(Beginning of Dataset extract)

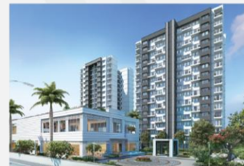
EXPERION CAPITAL Gomti Nagar, Lucknow
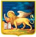
REGIONE DEL VENETO
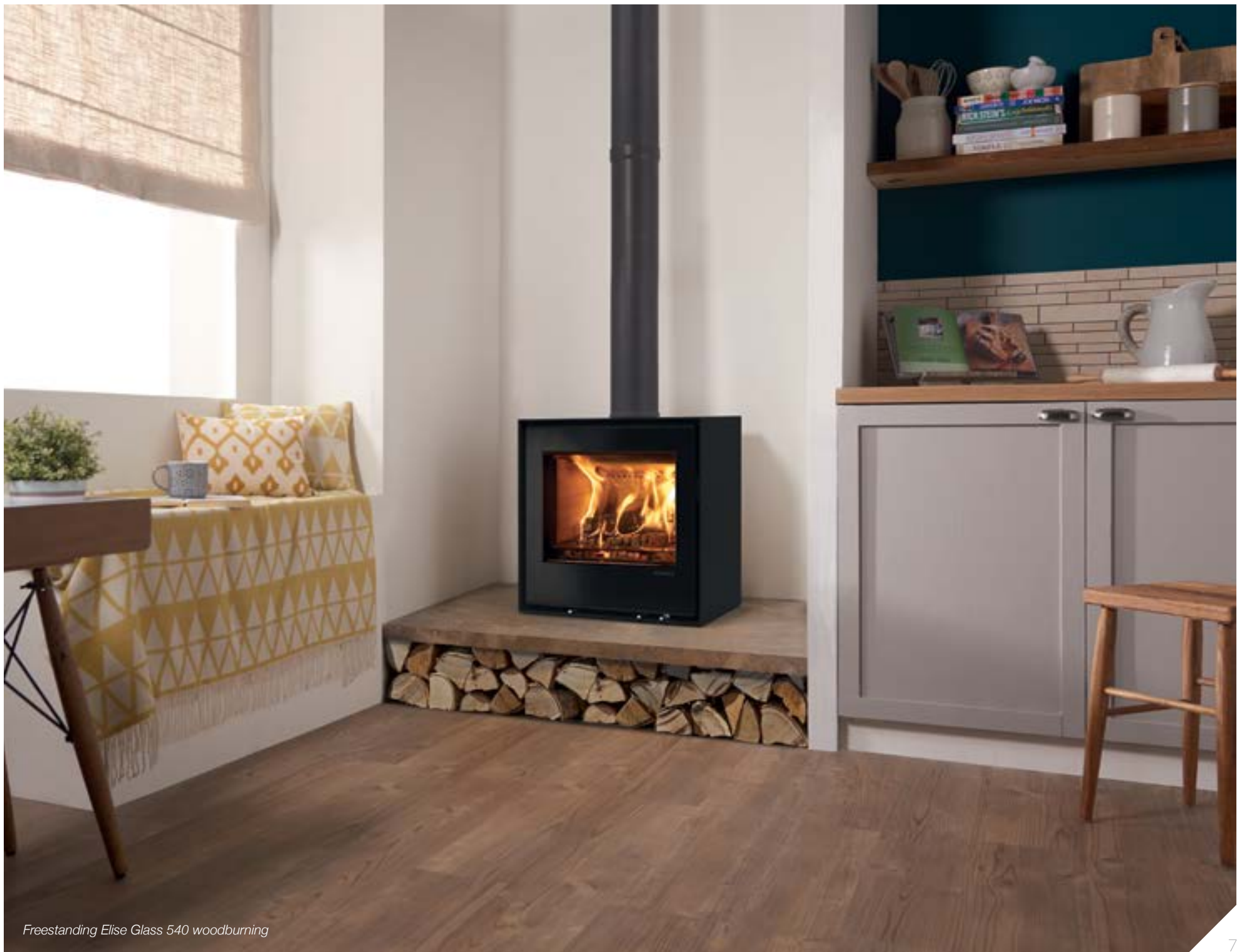
Freestanding Elise Glass 540 woodburning

(End of Dataset extract)

▶ [What you should do]:
Retype, word for word, only the lines from the line with "REGIONE DEL VENETO" to the final line of the listing above; the pictures do not belong in the copy.

▶ [Expected output]:
REGIONE DEL VENETO
Freestanding Elise Glass 540 woodburning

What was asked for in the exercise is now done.